In the first chapter, I study how altruistic and trusting attitudes are affected by exposure to the 2004 Indian Ocean tsunami as long as ten years after the disaster occurred. Establishing a causal relationship between natural disasters and attitudes presents several challenges as endogenous exposure and sample selection can confound the analysis. I take on these challenges by exploiting plausibly exogenous variation in exposure to the tsunami and by relying on a longitudinal dataset representative of the pre-tsunami population in two districts of Aceh, Indonesia. The sample is drawn from the Study of the Tsunami Aftermath and Recovery (STAR), a survey with data collected both before and after the disaster and especially designed to identify the impact of the tsunami. The altruistic and trusting attitudes of the respondents are measured by their behavior in the dictator and trust games. I find that witnessing closely the damage caused by the tsunami but without suffering severe economic damage oneself increases altruistic and trusting behavior, particularly towards individuals from tsunami affected communities. Having suffered severe economic damage has no impact on altruistic behavior but may have increased trusting behavior. These effects do not seem to be caused by the consequences of the tsunami on people’s financial situation. Instead they are consistent with how experiences of loss and solidarity may have shaped social attitudes by affecting empathy and perceptions of who is deserving of aid and trust.
In the second chapter, co-authored with Ryan Brown, Duncan Thomas and Andrea Velasquez, we investigate how attitudes toward financial risk are affected by elevated levels of insecurity and uncertainty brought on by the Mexican Drug War. To conduct our analysis, we pair the Mexican Family Life Survey (MxFLS), a rich longitudinal dataset ideally suited for our purposes, with a dataset on homicide rates at the month and municipality-level. The homicide rates capture well the overall crime environment created by the drug war. The MxFLS elicits risk attitudes by asking respondents to choose between hypothetical gambles with different payoffs. Our strategy to identify a causal effect has two key components. First, we implement an individual fixed effects strategy which allows us to control for all time-invariant heterogeneity. The remaining time variant heterogeneity is unlikely to be correlated with changes in the local crime environment given the well-documented political origins of the Mexican Drug War. We also show supporting evidence in this regard. The second component of our identification strategy is to use an intent-to-treat approach to shield our estimates from endogenous migration. Our findings indicate that exposure to greater local-area violent crime results in increased risk aversion. This effect is not driven by changes in financial circumstances, but may be explained instead by heightened fear of victimization. Nonetheless, we find that having greater economic resources mitigate the impact. This may be due to individuals with greater economic resources being able to avoid crime by affording better transportation or security at work.

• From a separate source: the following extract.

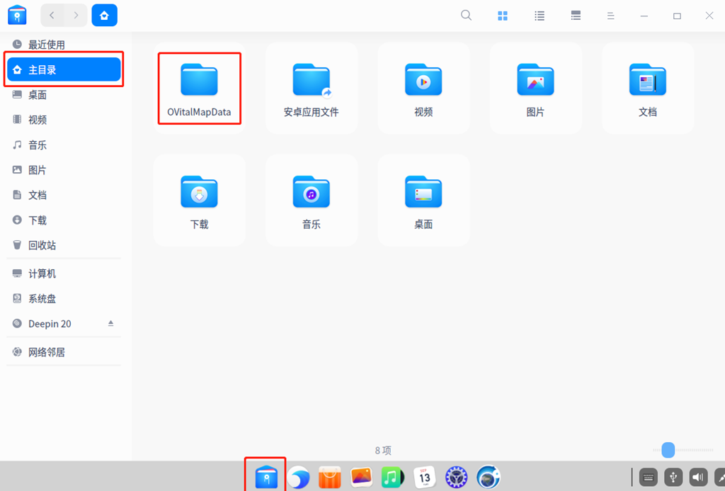 在電腦桌面上,點擊【文件管理器】→【主目錄】→【OvitalMapData】,即可進(jìn)入奧維安裝目錄。

The third chapter, co-authored with Duncan Thomas, evaluates whether attitudes toward deferred gratification change after having children. For this study we also exploit the MxFLS, which elicits attitudes toward deferred gratification (commonly known as time discounting) by asking individuals to choose between hypothetical payments at different points in time. We implement a difference-in-difference estimator to control for all time-invariant heterogeneity and show that our results are robust to the inclusion of time varying characteristics likely correlated with child birth. We find that becoming a mother increases time discounting especially in the first two years after childbirth and in particular for those women without a spouse at home. Having additional children does not have an effect and the effect for men seems to go in the opposite direction. These heterogeneous effects suggest that child rearing may affect time discounting due to generated stress or not fully anticipated spending needs.